**Instructions to follow:**
Retype nothing except the lines below from the one with "Kind läuft auf" through the one with "Вишиванка - вишита", exactly, with images left out.

**Available data:**
--- START ---
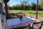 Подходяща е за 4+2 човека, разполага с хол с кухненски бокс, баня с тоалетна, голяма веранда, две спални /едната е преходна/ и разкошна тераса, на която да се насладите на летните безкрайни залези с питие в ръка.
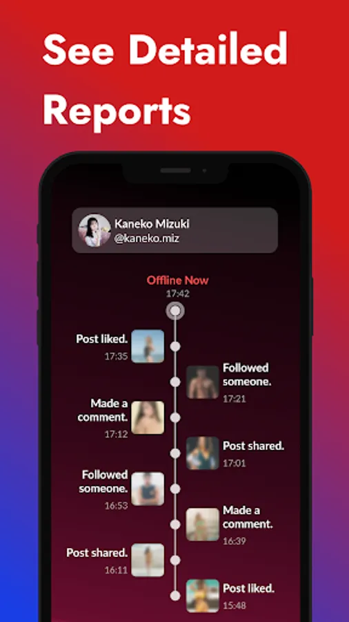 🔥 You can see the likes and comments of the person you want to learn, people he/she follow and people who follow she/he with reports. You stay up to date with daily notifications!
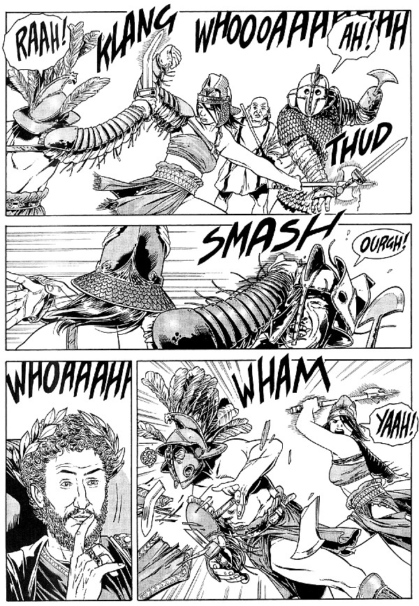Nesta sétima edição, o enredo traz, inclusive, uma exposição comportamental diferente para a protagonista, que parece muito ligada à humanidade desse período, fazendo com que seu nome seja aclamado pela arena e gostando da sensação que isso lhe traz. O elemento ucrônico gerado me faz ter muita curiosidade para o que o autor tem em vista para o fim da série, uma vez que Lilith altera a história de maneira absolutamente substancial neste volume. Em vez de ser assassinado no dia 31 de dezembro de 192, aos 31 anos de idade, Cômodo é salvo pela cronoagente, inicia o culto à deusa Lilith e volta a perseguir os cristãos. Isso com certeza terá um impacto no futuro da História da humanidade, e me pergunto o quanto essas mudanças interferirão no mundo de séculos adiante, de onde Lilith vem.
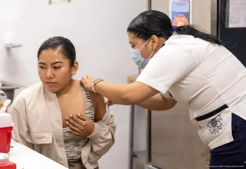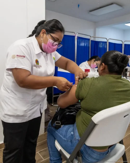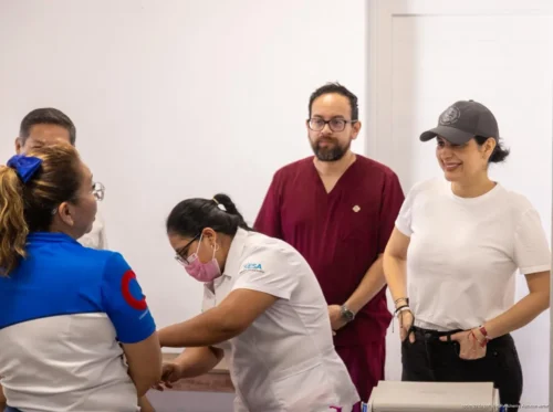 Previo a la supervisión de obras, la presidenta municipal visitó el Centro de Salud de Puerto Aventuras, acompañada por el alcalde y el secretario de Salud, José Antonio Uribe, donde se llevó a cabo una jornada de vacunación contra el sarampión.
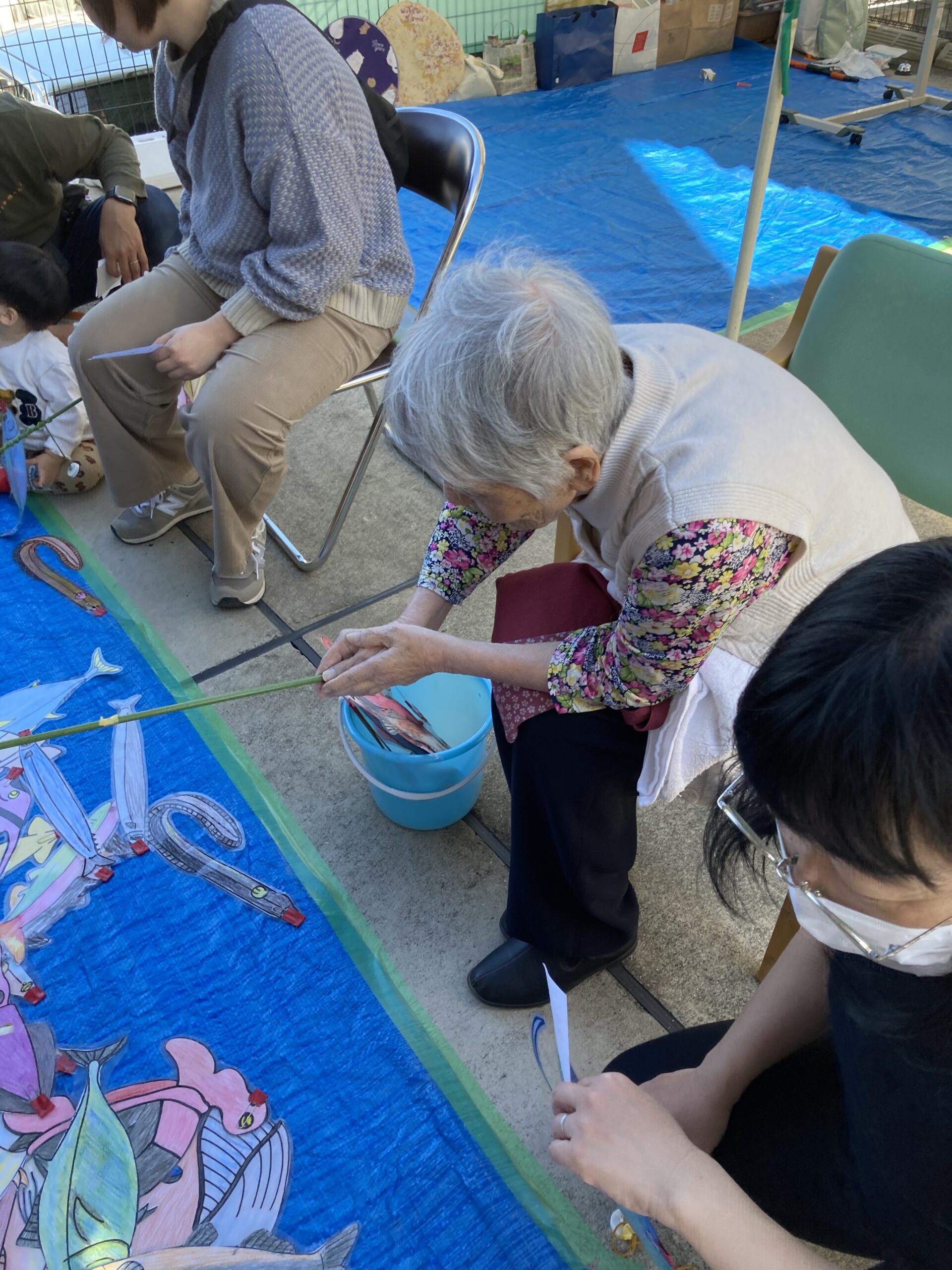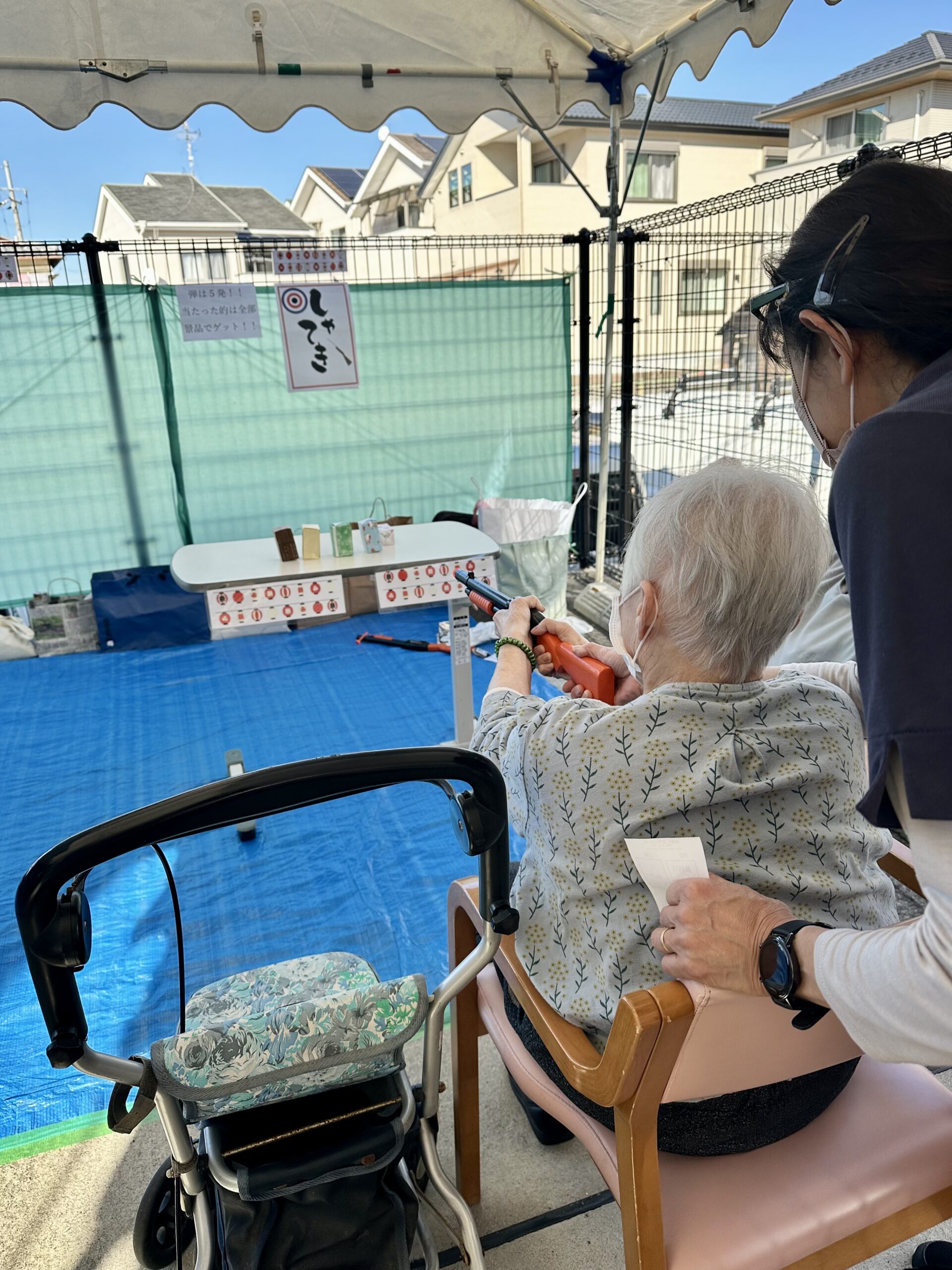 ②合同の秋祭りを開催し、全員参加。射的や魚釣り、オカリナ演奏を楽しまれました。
--- END ---
--- START ---
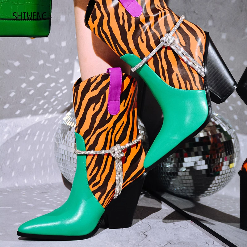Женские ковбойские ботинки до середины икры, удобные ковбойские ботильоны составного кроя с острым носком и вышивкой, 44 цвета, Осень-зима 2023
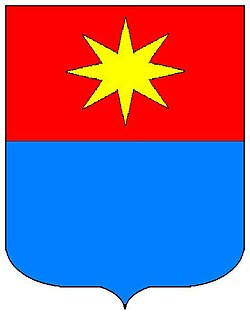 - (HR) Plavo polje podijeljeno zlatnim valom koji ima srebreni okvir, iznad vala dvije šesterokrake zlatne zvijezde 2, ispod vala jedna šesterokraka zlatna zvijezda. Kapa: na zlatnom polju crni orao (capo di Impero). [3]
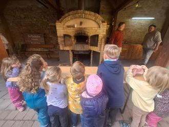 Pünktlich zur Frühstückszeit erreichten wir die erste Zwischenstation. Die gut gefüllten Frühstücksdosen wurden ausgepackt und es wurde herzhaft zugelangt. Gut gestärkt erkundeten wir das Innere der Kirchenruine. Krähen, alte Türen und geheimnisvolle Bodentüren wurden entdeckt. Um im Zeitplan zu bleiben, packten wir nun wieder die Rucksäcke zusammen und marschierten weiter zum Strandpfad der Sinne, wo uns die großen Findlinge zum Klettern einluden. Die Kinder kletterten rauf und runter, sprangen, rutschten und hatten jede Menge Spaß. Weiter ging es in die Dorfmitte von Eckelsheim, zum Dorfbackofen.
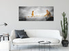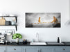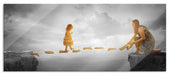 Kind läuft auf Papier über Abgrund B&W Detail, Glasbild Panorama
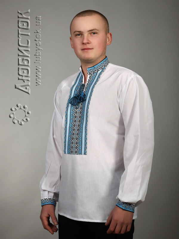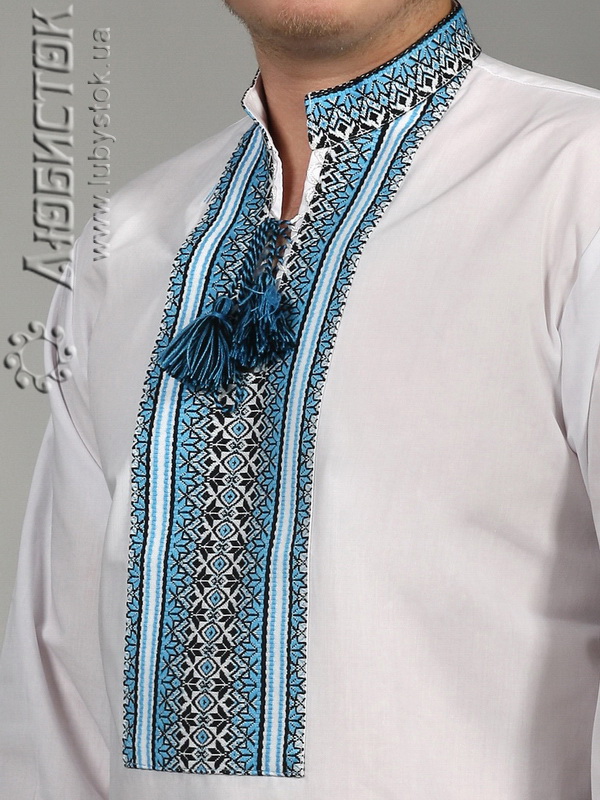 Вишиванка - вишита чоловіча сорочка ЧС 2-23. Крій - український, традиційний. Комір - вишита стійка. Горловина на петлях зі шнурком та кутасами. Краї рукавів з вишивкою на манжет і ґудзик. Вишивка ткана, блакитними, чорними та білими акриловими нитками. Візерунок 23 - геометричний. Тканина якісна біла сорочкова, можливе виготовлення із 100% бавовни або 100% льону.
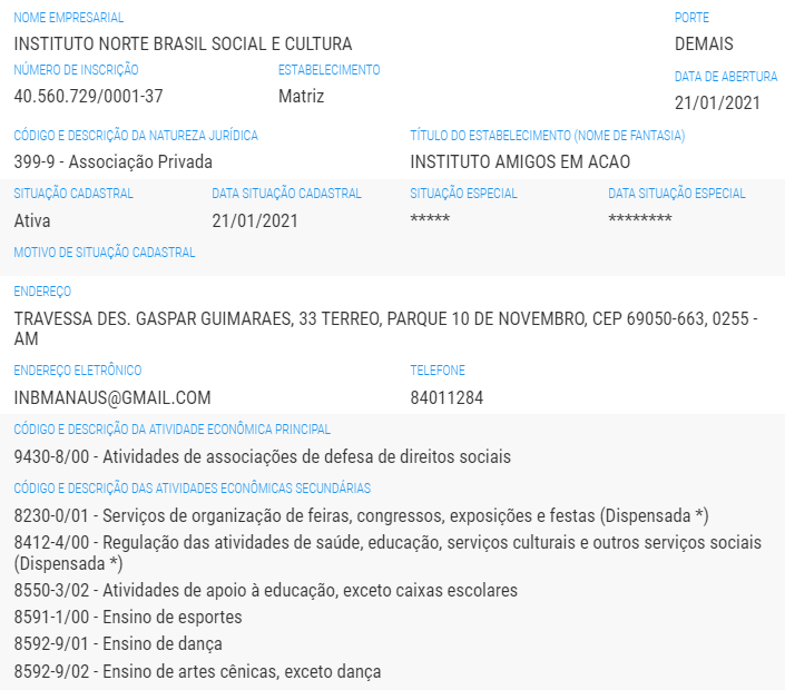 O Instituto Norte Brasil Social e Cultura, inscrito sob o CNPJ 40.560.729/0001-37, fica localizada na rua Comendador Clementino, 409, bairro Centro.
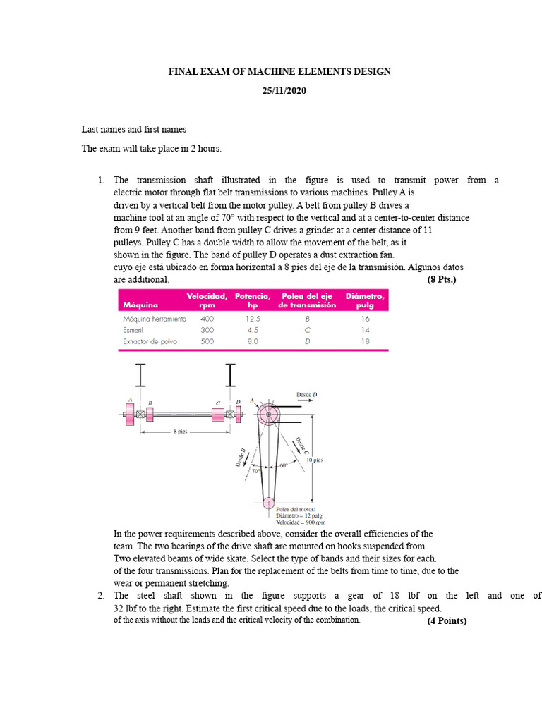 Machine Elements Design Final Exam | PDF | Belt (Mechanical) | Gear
--- END ---
--- START ---
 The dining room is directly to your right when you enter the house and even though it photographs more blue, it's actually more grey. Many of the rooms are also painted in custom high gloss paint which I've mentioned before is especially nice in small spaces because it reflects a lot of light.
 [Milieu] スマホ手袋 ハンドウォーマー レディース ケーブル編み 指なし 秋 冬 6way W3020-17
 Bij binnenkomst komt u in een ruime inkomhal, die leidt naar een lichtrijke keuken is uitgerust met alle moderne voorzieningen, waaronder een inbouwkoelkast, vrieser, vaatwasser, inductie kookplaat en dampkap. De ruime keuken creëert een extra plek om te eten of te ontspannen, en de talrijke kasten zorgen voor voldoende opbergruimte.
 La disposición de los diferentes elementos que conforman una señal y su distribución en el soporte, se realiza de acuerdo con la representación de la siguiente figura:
--- END ---
**Answer for this exercise:**
 Kind läuft auf Papier über Abgrund B&W Detail, Glasbild Panorama
 Вишиванка - вишита чоловіча сорочка ЧС 2-23. Крій - український, традиційний. Комір - вишита стійка. Горловина на петлях зі шнурком та кутасами. Краї рукавів з вишивкою на манжет і ґудзик. Вишивка ткана, блакитними, чорними та білими акриловими нитками. Візерунок 23 - геометричний. Тканина якісна біла сорочкова, можливе виготовлення із 100% бавовни або 100% льону.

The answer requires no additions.